Exact transcription begins at the first line of the material below and ends with the line holding "3月11日晚,教育系分四批次"; pictures are skipped.

## THE DATA:
---------------

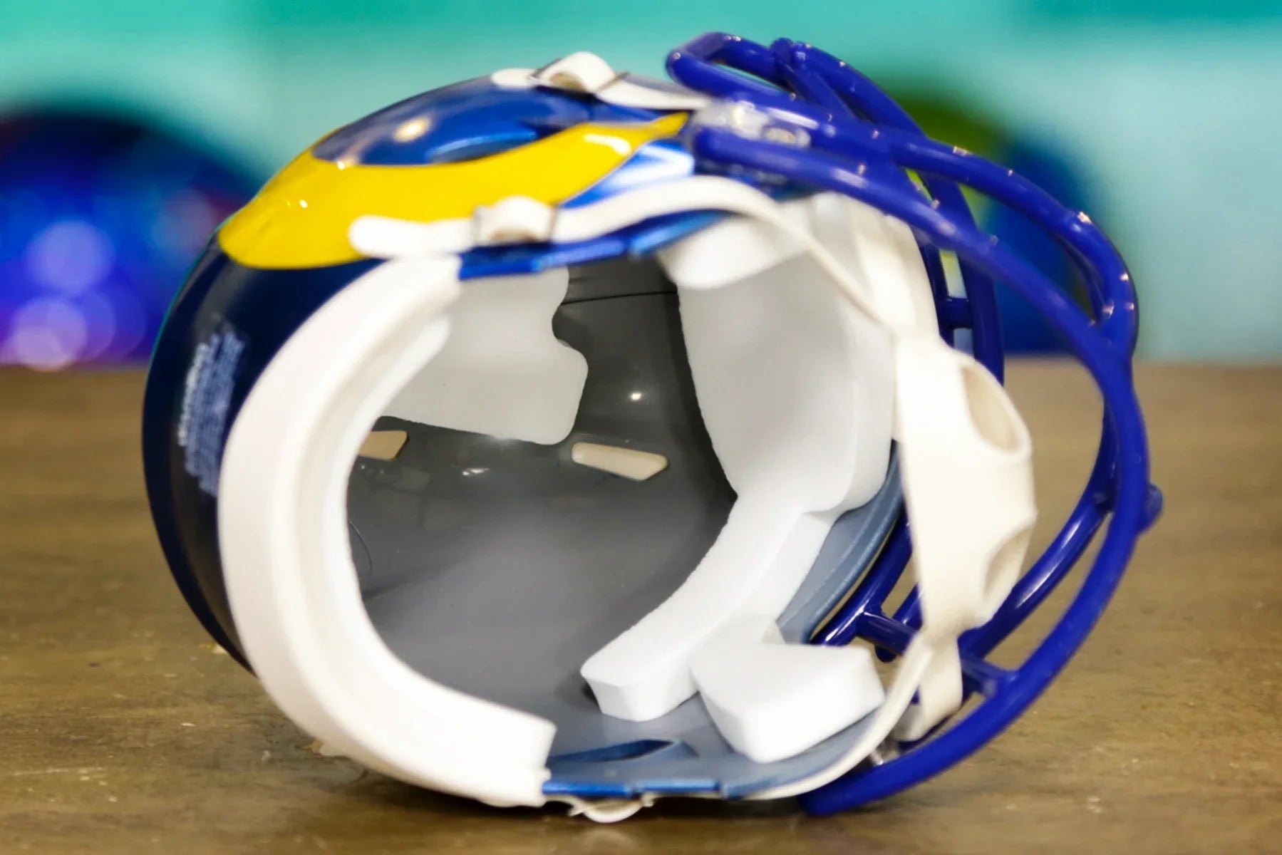ロサンゼルス ラムズリデル スピード ミニ ヘルメットは、真のラムズ ファンのために作られました。
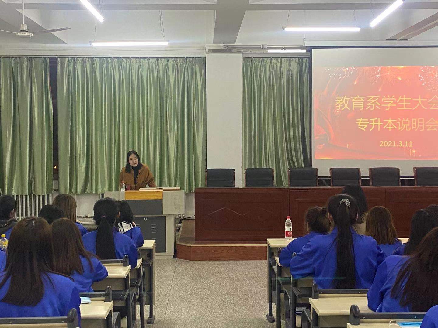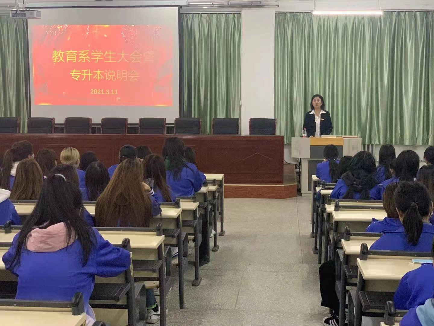 3月11日晚,教育系分四批次组织2019级学生召开了学生大会暨专升本说明会,两个会场分别由党总支书记张健和系主任侯俊杰主持。
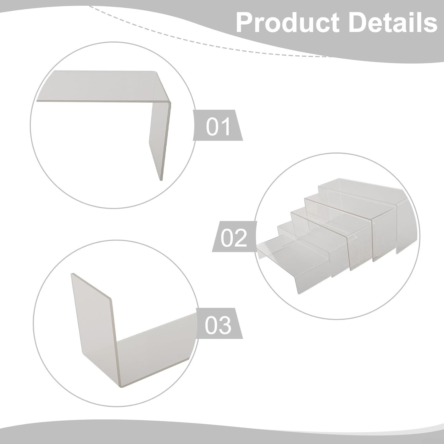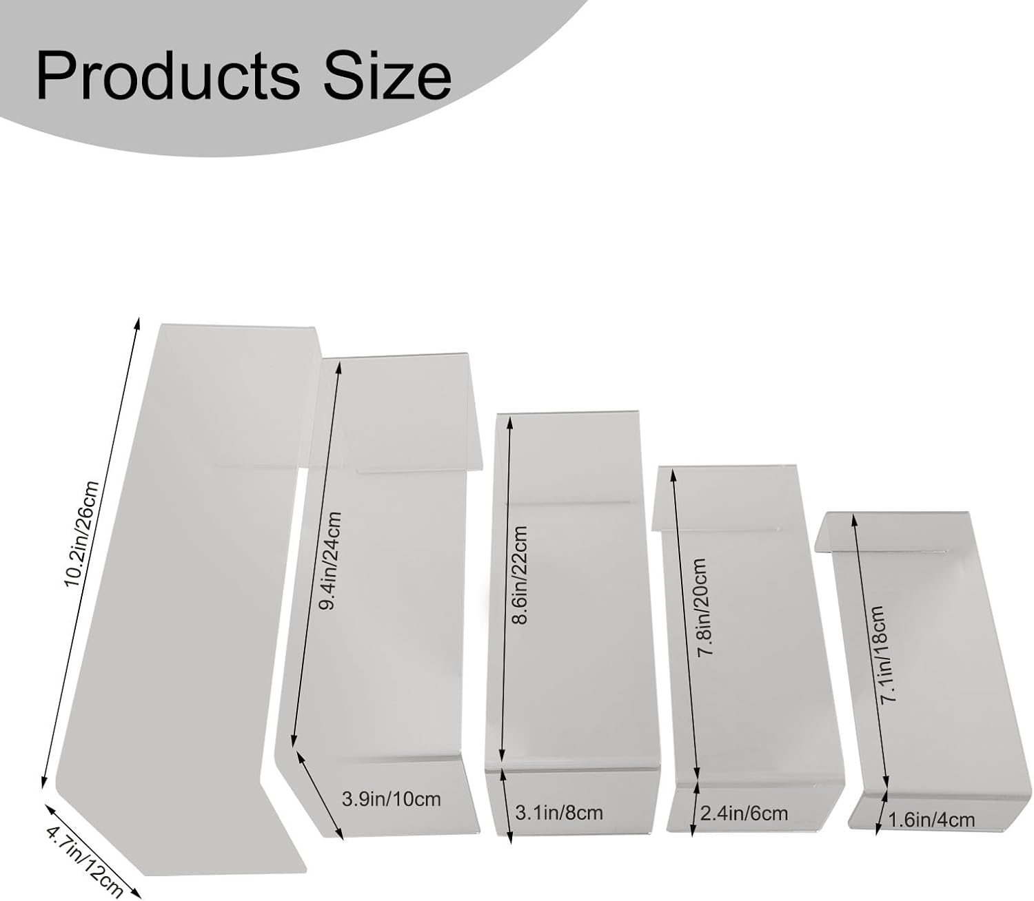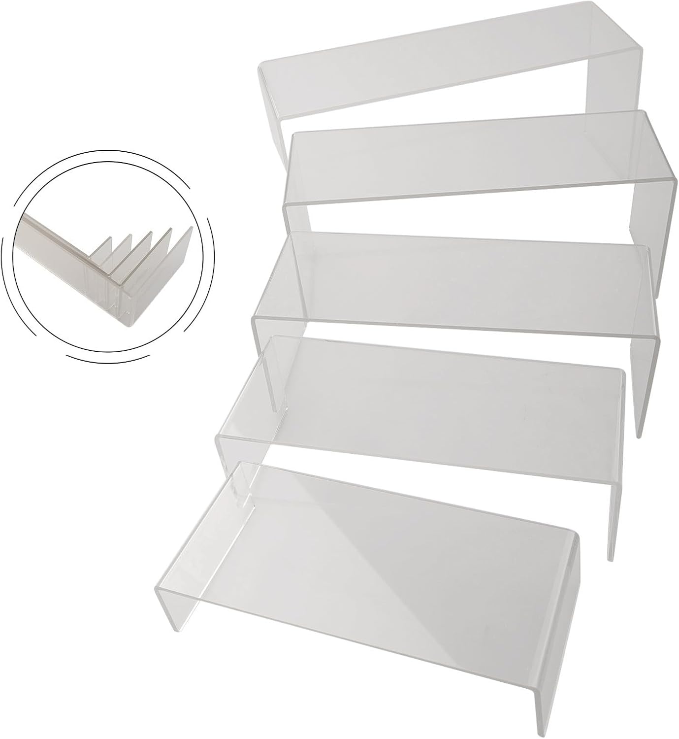 [Set versatile con 5 calzini in acrilico] – Contiene cinque scaffali in acrilico trasparente, per la presentazione accattivante di gioielli, giocattoli o articoli fatti a mano. Perfetto per bancone di negozi, esposizioni e spazi commerciali, per una presentazione elegante e organizzata dei tuoi prodotti. Materiale trasparente di alta qualità: gli scaffali sono realizzati in acrilico robusto e trasparente, in modo che i vostri articoli siano sempre ben visibili e presentati in modo ottimale. Il design trasparente garantisce un aspetto elegante e sottolinea la qualità dei vostri prodotti. Facile da sistemare e facile da montare: grazie al design intelligente per nidificare, le basi possono essere facilmente montate, riposte in modo salvaspazio e organizzate individualmente. In questo modo è possibile personalizzare la presentazione in base alle proprie esigenze in qualsiasi momento. [Soluzione di presentazione accattivante] - Dai ai tuoi prodotti un look professionale e attraente. Che si tratti di vendita, esposizione o uso personale, aumenta l'impatto visivo dei prodotti esposti e suscita l'interesse dei potenziali clienti. [SPECIFICHE & NOTA] - Il set contiene 5 basi in acrilico in colore trasparente, le dimensioni si prega di fare riferimento alle immagini del prodotto. Si prega di verificare le dimensioni sulla propria tabella delle taglie prima dell'acquisto.

---------------

## ANSWER SPACE:
ロサンゼルス ラムズリデル スピード ミニ ヘルメットは、真のラムズ ファンのために作られました。
 3月11日晚,教育系分四批次组织2019级学生召开了学生大会暨专升本说明会,两个会场分别由党总支书记张健和系主任侯俊杰主持。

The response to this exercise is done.